Like terrestrial biomes, aquatic biomes are influenced by a series of abiotic factors.

The aquatic medium-water- has different physical and chemical properties than air, however.
Even if the water in a pond or other body of water is perfectly clear (there are no suspended particles), water, on its own, absorbs light.

As one descends into a deep body of water, there will eventually be a depth which the sunlight cannot reach. While there are some abiotic and biotic factors in a terrestrial ecosystem that might obscure light (like fog, dust, or insect swarms), usually these are not permanent features of the environment.

Light in aquatic biomes

The importance of light in aquatic biomes is
central to the communities of organisms
found in both freshwater and marine
ecosystems. In freshwater systems,
stratification due to differences in density
is perhaps the most critical abiotic factor
and is related to the energy aspects of light.

The thermal properties of water (rates of heating and cooling) are significant to the function of marine systems and have major impacts on global climate and weather patterns. Marine systems are also influenced by large- scale physical water movements, such as currents; these are less important in most freshwater lakes.

The ocean is the largest marine biome. It is a continuous body of salt water that is relatively uniform in chemical composition; it is a weak solution of mineral salts and decayed biological matter.

Within the ocean, coral reefs are a second kind of marine biome. Estuaries, coastal areas where salt water and fresh water mix, form a third unique marine biome.

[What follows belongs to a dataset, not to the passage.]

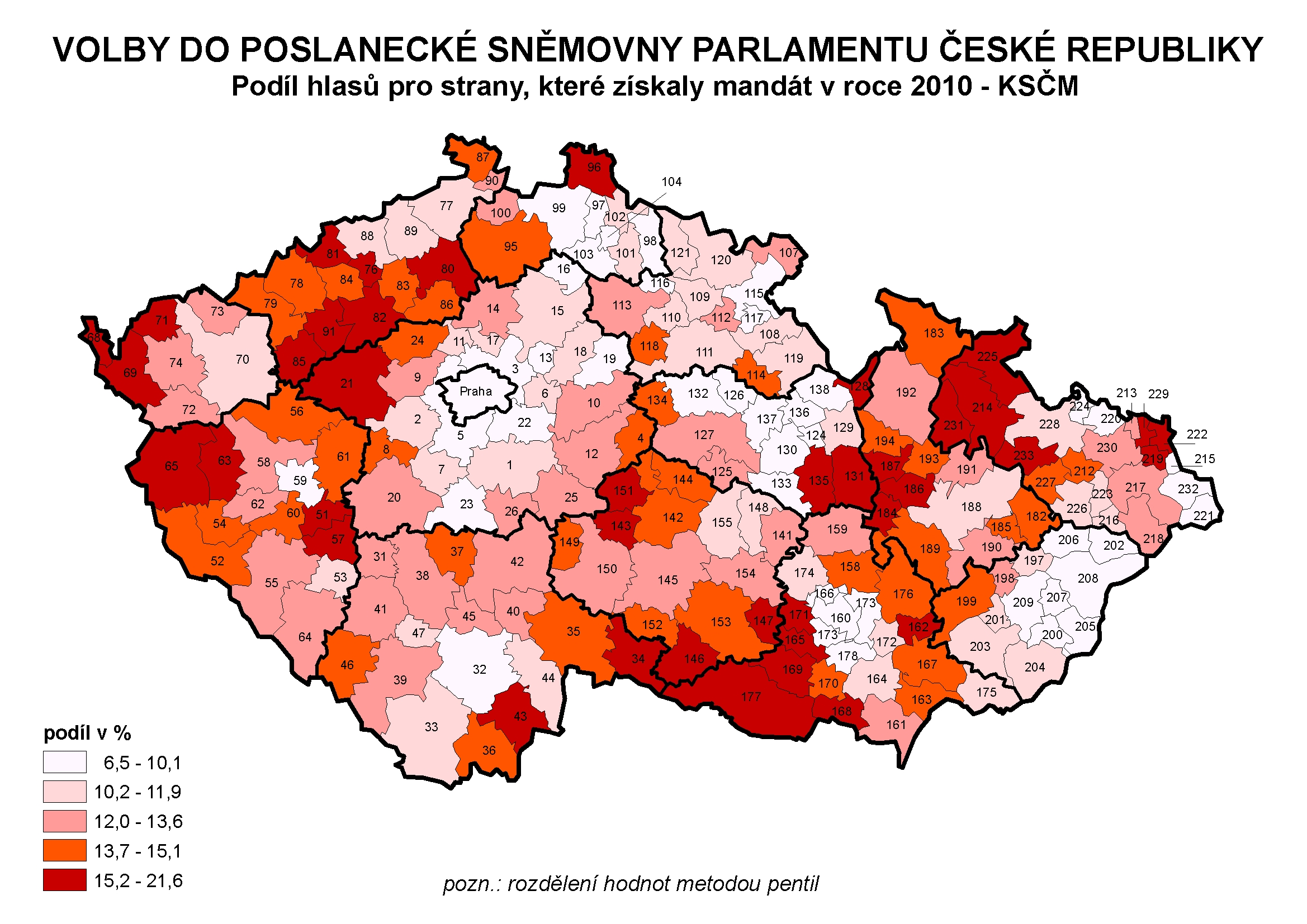 Podíl hlasů pro strany, které získaly mandát v roce 2010 - KSČM

The intertidal zone, which is the zone between
high and low tide, is the oceanic region that is
closest to land. It can be rocky, muddy or a
sandy beach.

The intertidal zone is an extremely variable
environment because of tides. Therefore, living
things that thrive in the intertidal zone are
adapted to being dry for long periods of time. The shore of the intertidal zone is also repeatedly struck by waves, and the organisms found there are adapted to withstand damage from the pounding action of the waves.

The exoskeletons of shoreline crustaceans (such as the shore crab, Carcinus maenas) are tough and protect them from desiccation (drying out) and wave damage. Few algae and plants establish themselves in the constantly moving rocks, sand, or mud of this zone.

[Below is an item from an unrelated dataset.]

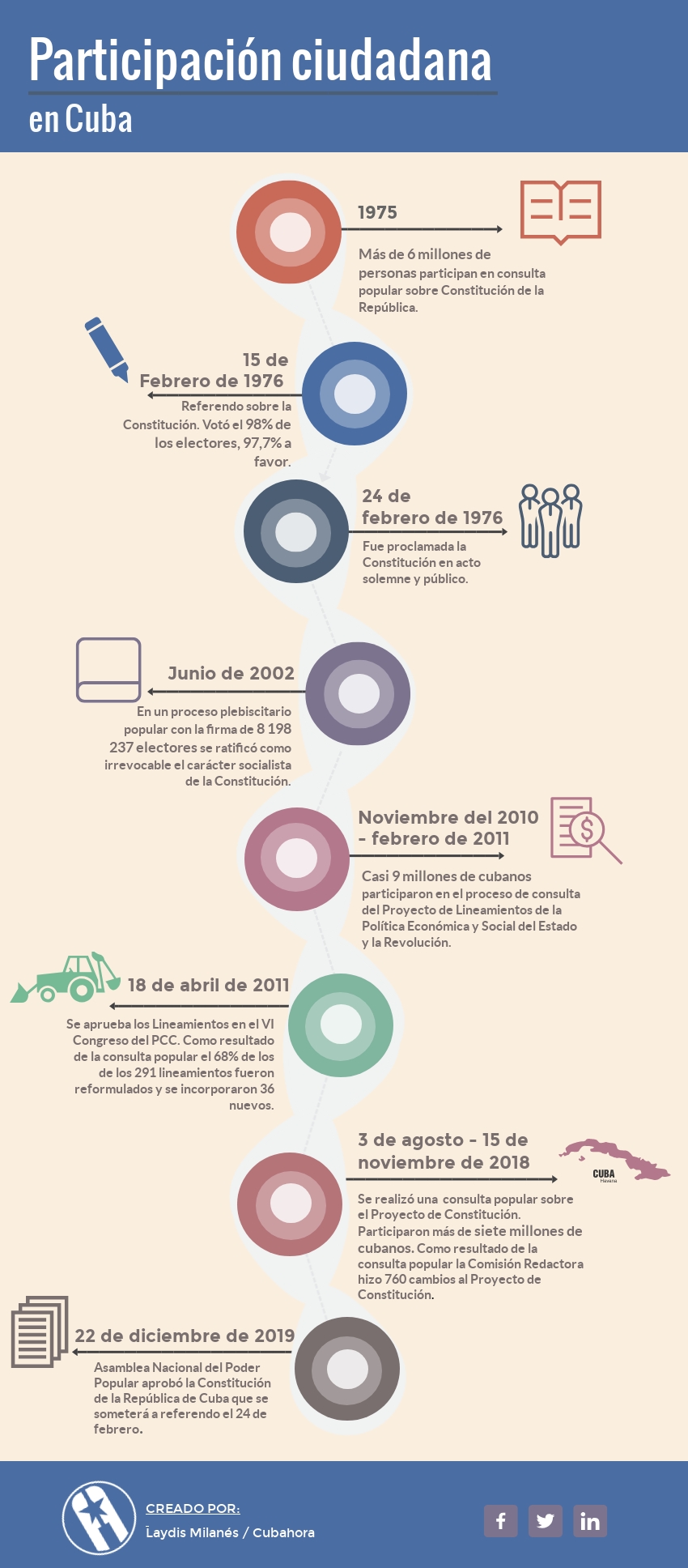 Muy actualizado el trabajo de Daniel y Leydis, sobre todo para los que por primer vez estaremos en un Referendo Constitucional, sería muy importante además realizar una cronología de lo sucedido hace 150 años en Guáimaro, que son las génesis de nuestro proceso electoral. Como cultura para todos.

The neritic zone extends from the intertidal
zone to depths of about 200 m (or 650 ft)
at the edge of the continental shelf.

Since light can penetrate this depth,
photosynthesis can occur in the neritic zone.

The water here contains silt and is well-oxygenated, low in pressure, and stable in temperature. Phytoplankton and floating Sargassum (a type of free-floating marine seaweed) provide a habitat for the some sea life found in the neritic zone. Zooplankton, protists, small fishes, and shrimp are found in the neritic zone and are the base of the food chain for most of the world’s fisheries.

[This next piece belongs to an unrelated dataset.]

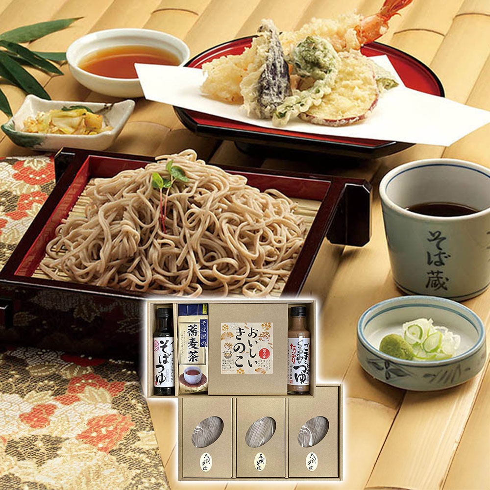 ■規格:半生八割そば100g×4袋・半生五割そば100g×2袋・そば屋のそば茶120g×1袋、ごまくるみ味噌つゆ2倍濃縮200ml・信州そばつゆ3倍希釈200ml×1瓶・おいしいきのこ320g(液込)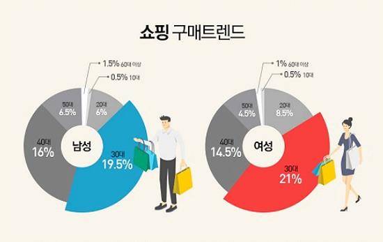 1일 인터파크가 최근 10월부터 11월 둘째 주까지 인터파크 쇼핑에서 물건을 구매한 고객들의 데이터베이스를 분석한 결과, 30대의 비중이 40.5%에 달했다. 연령과 성별을 결합했을 경우, 30대 여성의 비중이 21%로 최다였으며 30대 남성과 40대 남성이 뒤를 이었다.

Beyond the neritic zone is the open ocean area known as the oceanic zone.

Abundant plankton serve as the base of the food chain for larger animals such as whales and dolphins. Nutrients are scarce and this is a relatively less productive part of the marine biome. When photosynthetic organisms and the protists and animals that feed on them die, their bodies fall to the bottom of the ocean where they remain; unlike freshwater lakes, the open ocean lacks a process for bringing the organic nutrients back up to the surface.

The majority of organisms in the aphotic zone include sea cucumbers (phylum Echinodermata) and other organisms that survive on the nutrients contained in the dead bodies of organisms in the photic zone.

All of the ocean’s open water is referred to as the pelagic realm (or zone). The benthic realm (or zone) extends along the ocean bottom from the shoreline to the deepest parts of the ocean floor.

Within the pelagic realm is the photic zone, which is the portion of the ocean that light can penetrate (200 m or 650 ft).

Beneath the pelagic zone is the benthic realm,
the deepwater region beyond the continental
shelf. The bottom of the benthic realm is
comprised of sand, silt, and dead organisms.

Temperature decreases, remaining above freezing,
as water depth increases. This is a nutrient-rich
portion of the ocean because of the dead
organisms that fall from the upper layers of the ocean.

Because of this high level of nutrients, a diversity of fungi, sponges, sea anemones, marine worms, sea stars, fishes, and bacteria exist.

The deepest part of the ocean is the abyssal zone, which is at depths of 4000 m or greater. The abyssal zone is very cold and has very high pressure, high oxygen content, and low nutrient content.

There are a variety of invertebrates and fishes found in this zone, but the abyssal zone does not have plants because of the lack of light.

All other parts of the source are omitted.